- Senators Lummis and Gillibrand said they plan to unveil their bipartisan crypto bill in June
- It will be the first comprehensive cryptocurrency bill to be introduced, Gillibrand said
Senators Cynthia Lummis (R-Wyo.) and Kirsten Gillibrand (D-NY) took the stage Tuesday at the DC Blockchain Summit to discuss details of their highly anticipated bipartisan cryptocurrency bill, which they said will be introduced as soon as next week.
The Responsible Financial Innovation Act, which has been in the works for over a year, is going to be the first comprehensive digital assets framework to make it to Capitol Hill, Gillibrand said.
“Our bill does include some of the [same] provisions as some of the other House and Senate bills, but no other bill endeavors to create a regulatory framework for the whole industry,” Gillibrand said. “Most other bills are small, discreet and one-idea bills.”
Highlights of the bill include provisions that protect miners from being treated as brokers, which tackles a controversial section of the recently-passed Infrastructure Bill. It also grants the Commodity and Futures Trading Commission (CFTC) regulatory authority over much of the space and clarifies that cryptocurrencies are not securities unless they are being offered to fund a company, such as an initial coin offering.
“It’s pretty clear that bitcoin is a commodity,” Lummis said. “It is our intent that the CFTC takes the reins of jurisdiction over bitcoin and [ether], together they make up over 60% of the cryptocurrency markets in existence, and they’re the ones that are most likely to survive.”
The bill references the same “responsible innovation” highlighted in President Biden’s executive order. It’s a cause the two senators are hoping their colleagues can get behind.
“Cynthia [Lummis] and I together can work with our colleagues to find the common ground to move it forward,” Gillibrand said. “I’m very optimistic, and the reason I am is because this bill has been heavily researched.”
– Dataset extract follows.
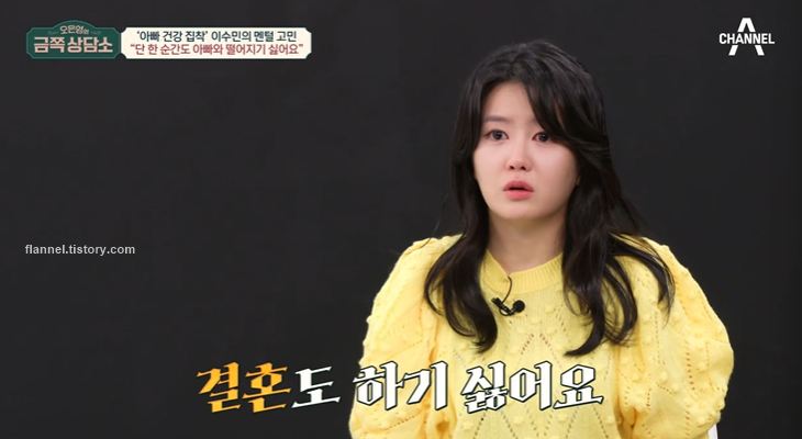 "그래서 솔직히 결혼도 하기 싫어요. 정말 아들이 되어줄 좋은 남자가 나타나서 결혼을 결정한거지.. 남자친구한테도 얘기를 하죠. '미안한데 난 지금 아빠랑 함께하는 시간이 너무 소중해. 네가 뒷전인 것 같아도 어쩔 수가 없다'라고"

The two senators have consulted with stakeholders and industry leaders for months to compose this bill, Lummis added. There have been successful bipartisan efforts in the past, Gillibrand said, and this should be no different. Still, getting the bill to the floor is going to be an uphill battle, the two admitted.
This bill will have at least four committees of jurisdiction, Gillibrand said. To make it to a vote on the floor, it will likely need at least four hearings, which can be a lengthy process. Efforts are already underway, Gillibrand said.
“On my committee of jurisdiction on the Agriculture Committee, Debbie Stabenow (D-Mich.) was very interested in this space,” Gillibrand said. “I’m going to give her our draft legislation and I’m hoping that she likes it enough to mark up this draft.”